**Your assignment:**
Starting at the line with "NZD/USD takes offers" and ending at the line with "Residential Building for", print exactly the lines of the entries below. Pictures do not belong in the copy.

**Materials provided:**

===============

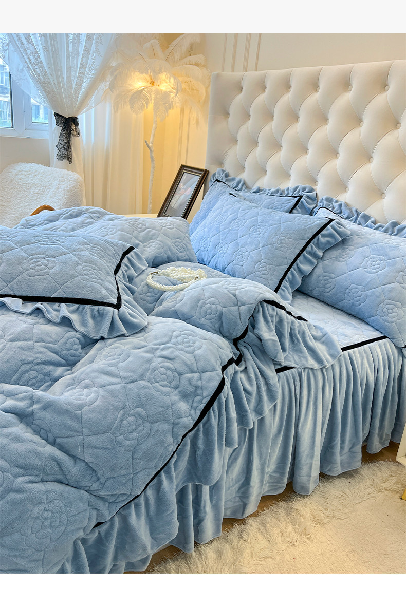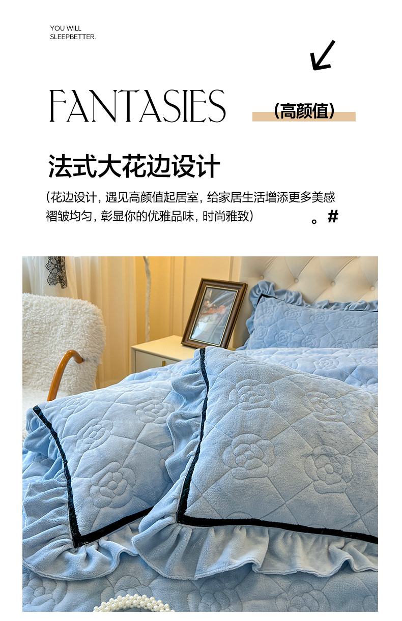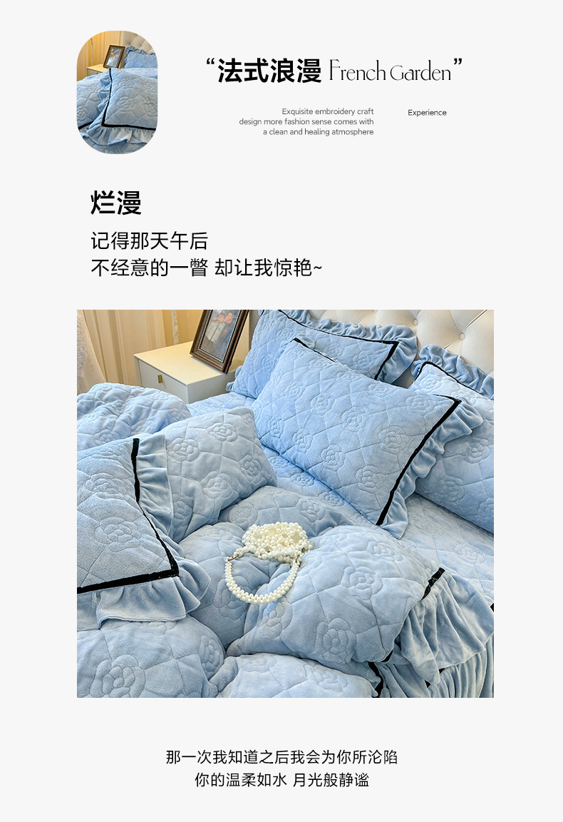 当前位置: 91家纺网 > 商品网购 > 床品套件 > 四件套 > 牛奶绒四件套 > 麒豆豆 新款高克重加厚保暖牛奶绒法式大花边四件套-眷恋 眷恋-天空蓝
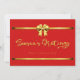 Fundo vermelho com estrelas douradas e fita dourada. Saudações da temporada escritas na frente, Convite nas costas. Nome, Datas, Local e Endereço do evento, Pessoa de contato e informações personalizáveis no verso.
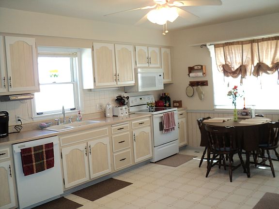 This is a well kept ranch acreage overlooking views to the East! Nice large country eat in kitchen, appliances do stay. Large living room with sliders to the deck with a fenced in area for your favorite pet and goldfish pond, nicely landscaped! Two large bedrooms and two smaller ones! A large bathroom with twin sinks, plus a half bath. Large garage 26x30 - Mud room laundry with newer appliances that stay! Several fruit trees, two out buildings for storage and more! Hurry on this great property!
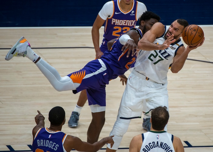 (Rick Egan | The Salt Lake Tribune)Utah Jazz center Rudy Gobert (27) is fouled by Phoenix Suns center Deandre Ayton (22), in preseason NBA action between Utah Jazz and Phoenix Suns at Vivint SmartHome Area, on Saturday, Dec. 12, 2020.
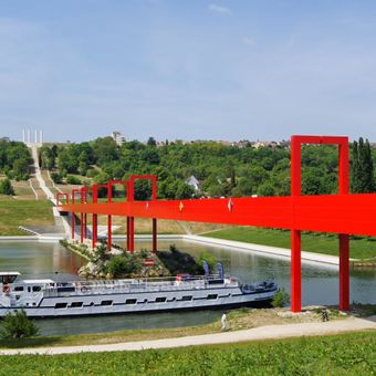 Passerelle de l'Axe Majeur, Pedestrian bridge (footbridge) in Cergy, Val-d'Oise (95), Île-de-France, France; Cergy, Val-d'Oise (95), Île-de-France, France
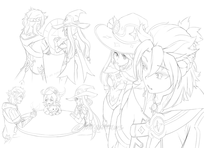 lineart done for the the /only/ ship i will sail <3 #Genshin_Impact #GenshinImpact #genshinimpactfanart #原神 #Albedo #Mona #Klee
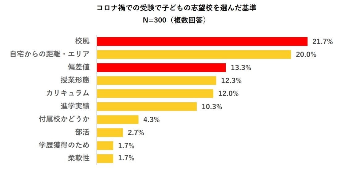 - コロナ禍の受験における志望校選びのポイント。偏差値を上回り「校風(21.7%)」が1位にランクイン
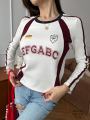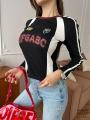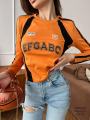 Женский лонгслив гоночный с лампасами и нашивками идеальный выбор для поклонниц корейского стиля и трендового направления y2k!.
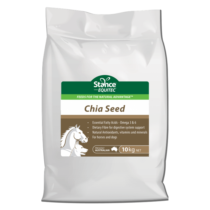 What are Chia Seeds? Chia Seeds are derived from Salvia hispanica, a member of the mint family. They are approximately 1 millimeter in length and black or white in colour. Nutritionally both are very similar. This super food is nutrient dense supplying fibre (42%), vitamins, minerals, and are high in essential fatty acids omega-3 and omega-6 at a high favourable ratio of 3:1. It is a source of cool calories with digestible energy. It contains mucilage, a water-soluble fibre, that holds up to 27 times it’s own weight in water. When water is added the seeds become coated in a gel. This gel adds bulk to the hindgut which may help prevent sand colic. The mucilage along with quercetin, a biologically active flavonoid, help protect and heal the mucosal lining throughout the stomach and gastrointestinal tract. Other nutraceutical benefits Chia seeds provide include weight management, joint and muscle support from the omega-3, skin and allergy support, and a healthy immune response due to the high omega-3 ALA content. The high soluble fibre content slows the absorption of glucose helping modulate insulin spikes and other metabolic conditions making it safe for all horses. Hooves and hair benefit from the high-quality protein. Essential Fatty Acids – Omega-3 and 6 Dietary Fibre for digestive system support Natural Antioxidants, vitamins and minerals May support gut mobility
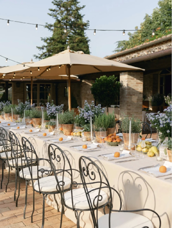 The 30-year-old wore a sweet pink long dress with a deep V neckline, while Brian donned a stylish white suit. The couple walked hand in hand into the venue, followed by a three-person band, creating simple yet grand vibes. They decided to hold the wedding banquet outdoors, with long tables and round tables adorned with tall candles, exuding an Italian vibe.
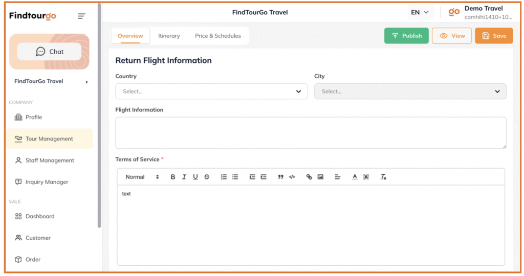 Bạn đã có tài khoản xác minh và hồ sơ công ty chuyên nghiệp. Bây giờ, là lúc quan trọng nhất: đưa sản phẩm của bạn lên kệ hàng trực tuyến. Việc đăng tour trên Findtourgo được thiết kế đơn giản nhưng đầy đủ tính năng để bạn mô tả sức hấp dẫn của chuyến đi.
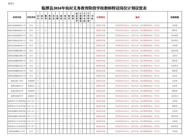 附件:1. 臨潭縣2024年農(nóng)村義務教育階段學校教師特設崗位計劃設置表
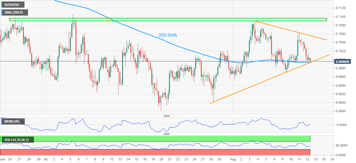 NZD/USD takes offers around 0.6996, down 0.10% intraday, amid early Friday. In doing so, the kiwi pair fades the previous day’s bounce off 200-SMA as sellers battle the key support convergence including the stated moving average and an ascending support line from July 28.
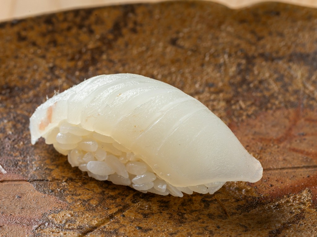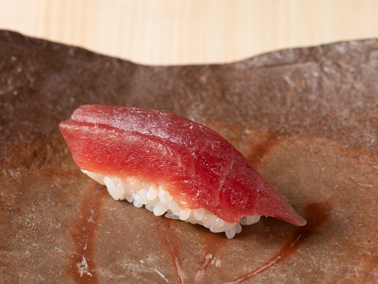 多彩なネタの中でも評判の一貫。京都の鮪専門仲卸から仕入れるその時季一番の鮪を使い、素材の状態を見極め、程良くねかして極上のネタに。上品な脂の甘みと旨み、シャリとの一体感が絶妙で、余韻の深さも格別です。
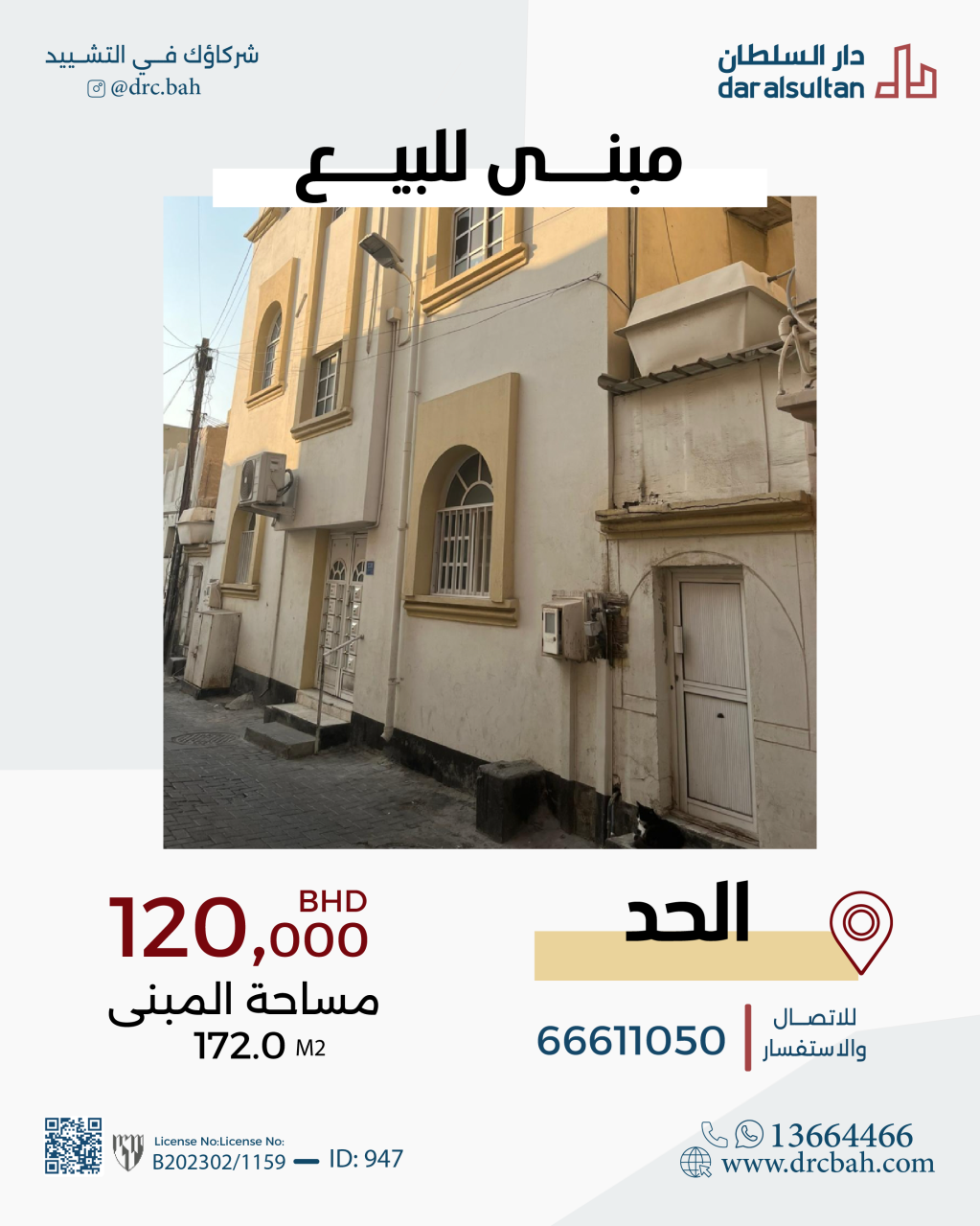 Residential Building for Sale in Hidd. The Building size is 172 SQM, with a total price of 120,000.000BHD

===============

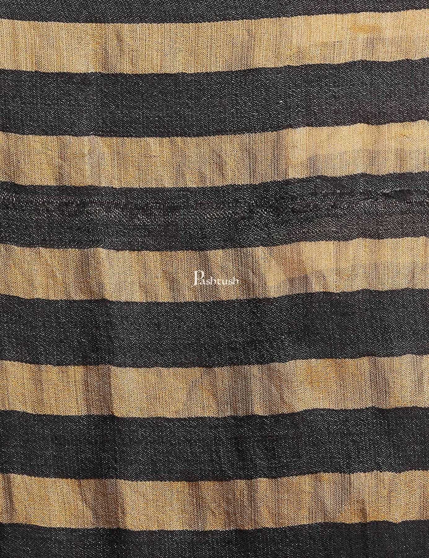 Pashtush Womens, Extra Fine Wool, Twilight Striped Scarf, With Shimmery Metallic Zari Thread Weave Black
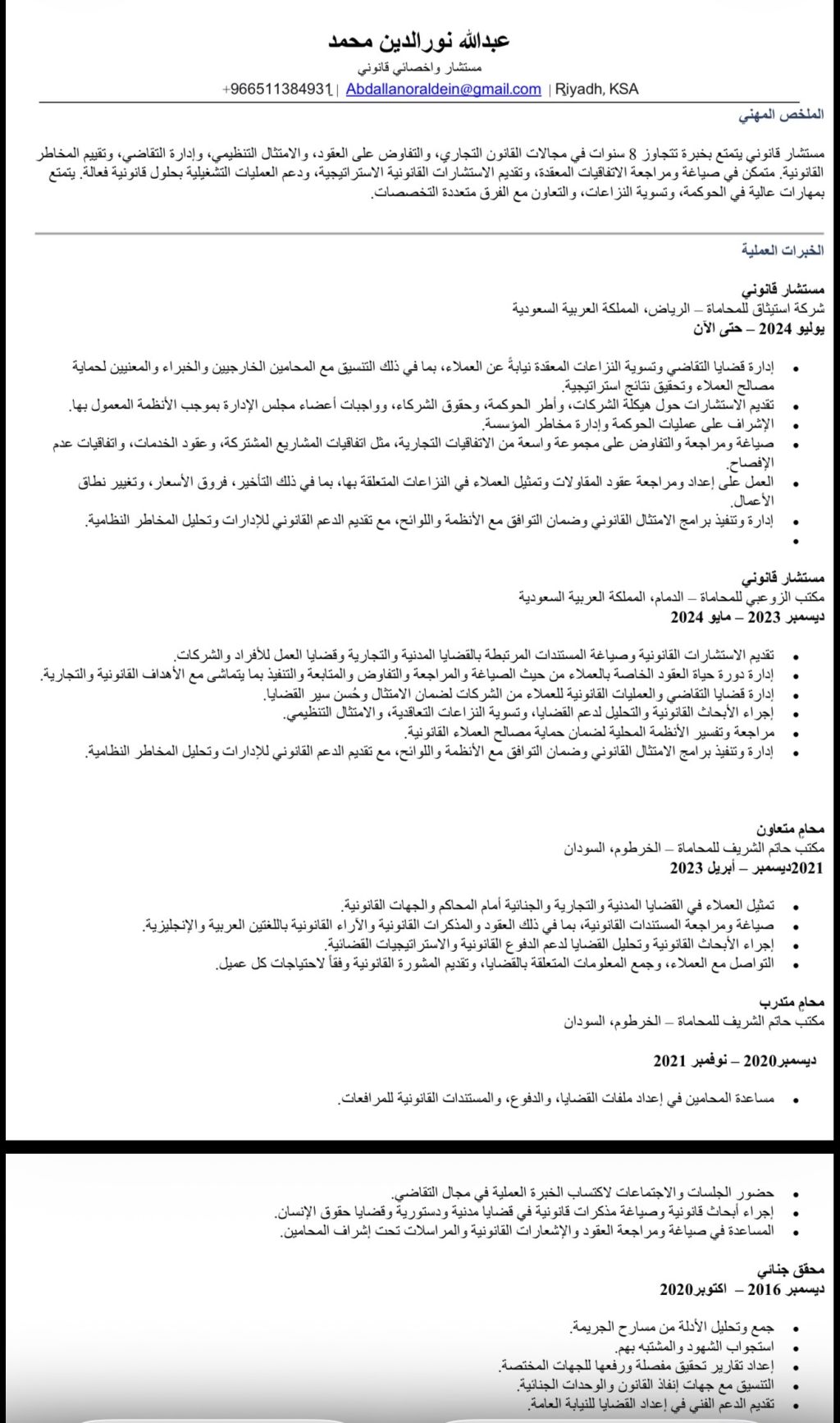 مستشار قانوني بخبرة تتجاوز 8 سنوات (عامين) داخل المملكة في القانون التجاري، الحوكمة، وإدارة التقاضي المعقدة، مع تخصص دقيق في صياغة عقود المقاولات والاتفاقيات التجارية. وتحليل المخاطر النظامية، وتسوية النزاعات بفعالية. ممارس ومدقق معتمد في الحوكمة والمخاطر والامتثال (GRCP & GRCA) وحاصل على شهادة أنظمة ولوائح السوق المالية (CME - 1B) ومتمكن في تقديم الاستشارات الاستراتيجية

===============

**Task result:**
 NZD/USD takes offers around 0.6996, down 0.10% intraday, amid early Friday. In doing so, the kiwi pair fades the previous day’s bounce off 200-SMA as sellers battle the key support convergence including the stated moving average and an ascending support line from July 28.
 多彩なネタの中でも評判の一貫。京都の鮪専門仲卸から仕入れるその時季一番の鮪を使い、素材の状態を見極め、程良くねかして極上のネタに。上品な脂の甘みと旨み、シャリとの一体感が絶妙で、余韻の深さも格別です。
 Residential Building for Sale in Hidd. The Building size is 172 SQM, with a total price of 120,000.000BHD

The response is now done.